WHAT IS REQUIRED> Begin the copy at the line that contains "مشاركة عزاء |", end it at the last line of the entries below, keep every word exact, and include no pictures.

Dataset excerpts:

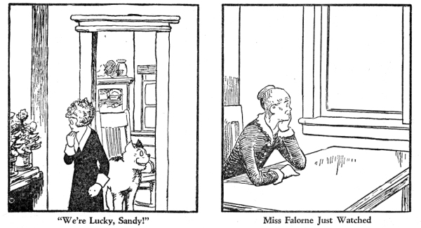 "A person'd think you had some inside dope on this, Sandy! You sit there, watchin' th' road as if you knew somethin' was goin' to happen and happen soon! Gee! I hope it does! I can't for th' life o' me figger out what's keepin' him! He's just got to come home, Sandy. What's th' good o' this apple business if Mrs. Falorne stays so sadlike?"
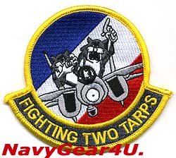 VF-1とともに活躍したF-14トムキャット飛行隊VF-2"バウンティハンターズ"のTARPSショルダーマスコットパッチ(Ver.2)。TARPSとはトムキャットが有する戦術航空偵察ポッドシステムのよる偵察ミッションのことで、パッチは部隊伝統のラングレイストライプにカメラを持ったトムキャットマスコット(NFO)がトムキャットに乗って偵察をしているユニークなデザイン。タブの中の文字が「FIGHTING TWO TARPS」と刺繍されたバージョン。
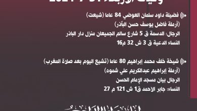 مشاركة عزاء | “الوفاق” تنعي فقيد آل الصباح الشيخ محمد عبد العزيز حمود الجراح الصباح
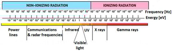 Non-ionizing and ionizing radiation ranges: frequency and energy.
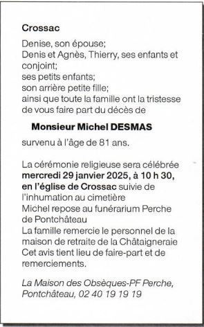 Cet espace « condoléances » est dédié à la mémoire de Monsieur Michel DESMAS.
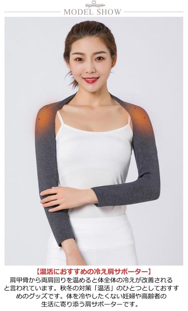 | 秋冬用厚手 就寝時の冷房対策や真冬の冷え対策に! 【温活におすすめの冷え肩サポーター】肩甲骨から両肩回りを温めると体全体の冷えが改善されると言われています。秋冬の対策「温活」のひとつとしておすすめのグッズです。体を冷やしたくない妊婦や高齢者の生活に寄り添う肩サポーターです。 【冷房対策に大活躍】 肩を温めることで、寒気が和らぎ、睡眠の質を上げる効果があります。一枚羽織っていると布団が落ちたときなど寒さに気が付きにくく、朝までぐっすり快眠が得られます。 【やわらか素材】軽量のため違和感なく装着していただけます。ごわつかないためお洋服のシルエットを崩すこともありません。肌着の上から着て頂いて、その上からトップスやニットを着てもOK!伸縮素材なので、気になる二の腕対策にもピッタリ。 【心地よいフィット感】長時間の着用でも疲れない適度なフィット感と通気性があります。アームカバーのように羽織るだけで簡単に装着可能で、締め付け感がありません。洗濯などお手入れもしやすく、長くご愛用いただけます。 | |

EXPECTED OUTPUT>
 مشاركة عزاء | “الوفاق” تنعي فقيد آل الصباح الشيخ محمد عبد العزيز حمود الجراح الصباح
 Non-ionizing and ionizing radiation ranges: frequency and energy.
 Cet espace « condoléances » est dédié à la mémoire de Monsieur Michel DESMAS.
 | 秋冬用厚手 就寝時の冷房対策や真冬の冷え対策に! 【温活におすすめの冷え肩サポーター】肩甲骨から両肩回りを温めると体全体の冷えが改善されると言われています。秋冬の対策「温活」のひとつとしておすすめのグッズです。体を冷やしたくない妊婦や高齢者の生活に寄り添う肩サポーターです。 【冷房対策に大活躍】 肩を温めることで、寒気が和らぎ、睡眠の質を上げる効果があります。一枚羽織っていると布団が落ちたときなど寒さに気が付きにくく、朝までぐっすり快眠が得られます。 【やわらか素材】軽量のため違和感なく装着していただけます。ごわつかないためお洋服のシルエットを崩すこともありません。肌着の上から着て頂いて、その上からトップスやニットを着てもOK!伸縮素材なので、気になる二の腕対策にもピッタリ。 【心地よいフィット感】長時間の着用でも疲れない適度なフィット感と通気性があります。アームカバーのように羽織るだけで簡単に装着可能で、締め付け感がありません。洗濯などお手入れもしやすく、長くご愛用いただけます。 | |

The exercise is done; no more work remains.